Kubernetes cluster deployment fails due to packet loss caused by inconsistent MTU

PostedMarch 14, 2025

UpdatedMarch 14, 2025

Byadmin

Problem Description

Kubernetes Cluster Deployment Failed

Alarm Information

ske alert: ske-agent health check failed
Kubernetes cluster nodes can still be logged into directly using root + k8sadmin, indicating that the password reset step has not been reached.
On the nodes, there is no ske-related domain name configuration in cat /etc/hosts.

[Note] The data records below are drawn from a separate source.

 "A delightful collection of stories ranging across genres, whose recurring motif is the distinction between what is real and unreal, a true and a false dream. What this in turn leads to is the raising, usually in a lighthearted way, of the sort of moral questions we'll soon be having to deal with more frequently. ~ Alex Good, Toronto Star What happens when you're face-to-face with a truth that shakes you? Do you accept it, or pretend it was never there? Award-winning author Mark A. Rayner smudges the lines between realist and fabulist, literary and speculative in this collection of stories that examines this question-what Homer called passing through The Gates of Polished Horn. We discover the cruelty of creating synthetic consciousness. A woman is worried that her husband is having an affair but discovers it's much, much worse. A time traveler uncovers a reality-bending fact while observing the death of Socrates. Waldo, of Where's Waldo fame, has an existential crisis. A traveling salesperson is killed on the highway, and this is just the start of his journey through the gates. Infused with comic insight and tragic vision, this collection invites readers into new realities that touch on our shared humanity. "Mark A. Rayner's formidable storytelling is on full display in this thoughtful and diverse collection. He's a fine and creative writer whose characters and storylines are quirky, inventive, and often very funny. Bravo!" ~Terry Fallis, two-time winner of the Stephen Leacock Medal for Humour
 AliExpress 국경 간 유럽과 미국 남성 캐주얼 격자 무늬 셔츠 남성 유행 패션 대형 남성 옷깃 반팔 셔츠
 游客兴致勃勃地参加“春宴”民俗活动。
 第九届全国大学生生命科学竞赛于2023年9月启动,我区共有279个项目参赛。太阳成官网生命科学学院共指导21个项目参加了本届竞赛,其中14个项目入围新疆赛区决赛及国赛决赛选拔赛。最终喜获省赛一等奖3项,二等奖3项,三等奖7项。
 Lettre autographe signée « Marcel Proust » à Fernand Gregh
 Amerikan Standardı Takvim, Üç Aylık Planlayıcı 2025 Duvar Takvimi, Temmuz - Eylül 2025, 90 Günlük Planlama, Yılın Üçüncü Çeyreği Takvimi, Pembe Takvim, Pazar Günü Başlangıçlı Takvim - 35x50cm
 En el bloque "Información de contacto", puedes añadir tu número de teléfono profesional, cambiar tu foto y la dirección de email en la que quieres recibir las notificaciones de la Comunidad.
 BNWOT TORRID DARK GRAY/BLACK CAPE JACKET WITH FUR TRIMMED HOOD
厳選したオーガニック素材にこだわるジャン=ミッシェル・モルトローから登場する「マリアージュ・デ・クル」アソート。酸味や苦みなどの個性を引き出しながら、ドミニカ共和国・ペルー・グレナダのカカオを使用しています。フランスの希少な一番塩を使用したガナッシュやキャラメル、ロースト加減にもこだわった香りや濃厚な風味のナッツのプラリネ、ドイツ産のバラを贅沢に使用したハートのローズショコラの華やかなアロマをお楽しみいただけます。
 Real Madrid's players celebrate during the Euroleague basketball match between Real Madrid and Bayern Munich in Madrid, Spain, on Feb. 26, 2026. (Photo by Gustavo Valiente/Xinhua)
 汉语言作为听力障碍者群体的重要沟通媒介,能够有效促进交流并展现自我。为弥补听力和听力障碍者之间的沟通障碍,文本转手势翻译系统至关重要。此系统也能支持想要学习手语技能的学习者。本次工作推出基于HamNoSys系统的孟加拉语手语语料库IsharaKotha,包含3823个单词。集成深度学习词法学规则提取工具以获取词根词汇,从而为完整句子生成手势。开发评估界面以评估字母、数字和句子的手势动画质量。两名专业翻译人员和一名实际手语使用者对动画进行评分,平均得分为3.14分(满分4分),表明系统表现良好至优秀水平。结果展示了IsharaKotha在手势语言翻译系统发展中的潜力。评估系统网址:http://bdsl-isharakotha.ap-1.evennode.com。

Effective Troubleshooting Steps

Confirm that the k8s nodes have been generated, but the password remains the default k8sadmin, indicating that the initialization process is incomplete.
Enter the node and check /etc/hosts; there is no ske-related domain name, which suggests that the initialization is blocked somewhere and the initial events have not been dispatched.
Enter the SKE backend and view logs: cat /sf/log/today/cluster-server.log, no related error logs.
Check api-provider for no related logs.
Use kubectl edit deployment cluster-api-provicer and set -v=5 to view more detailed logs.
Use tail to check logs and find the message "Check ske agent health failed."
Review how the SKE management node detects the health of the Kubernetes cluster's ske-agent. It is found to be done through the default cloud ladder service agent-api:26000 --> Kubernetes cluster ske-agent:20411. Use kubectl get svc -A |grep agent-api to check relevant services.
It can be seen that the Kubernetes cluster's ske-agent service has not started. You can use the command below to check the relevant service: crictl ps | grep ske-agent and systemctl status ske-agent.
Through systemctl status ske-agent, it is discovered that the service is running, but service on port 20411 is not open, and the configuration file does not exist, so it is not started on the specified port.
Problem Analysis
The launch of ske-agent depends on the initialization of aksk files.
The initialization of aksk depends on the issuance of the ske domain name.
The issuance of the ske domain name requires the ske-agent-init service to be healthy.
It is coordinated by the hciprovicer in SKE to fetch network information from xaas-api and then call the ske-agent-init's domain name setting interface.
It is now discovered that in hcimachine, there is already a condition: SKELinkConfigReady, indicating that it is considered ready, but the domain name has not been actually issued.
Suspect that the request has been sent but failed, and the issue is located to be data packet distribution failure.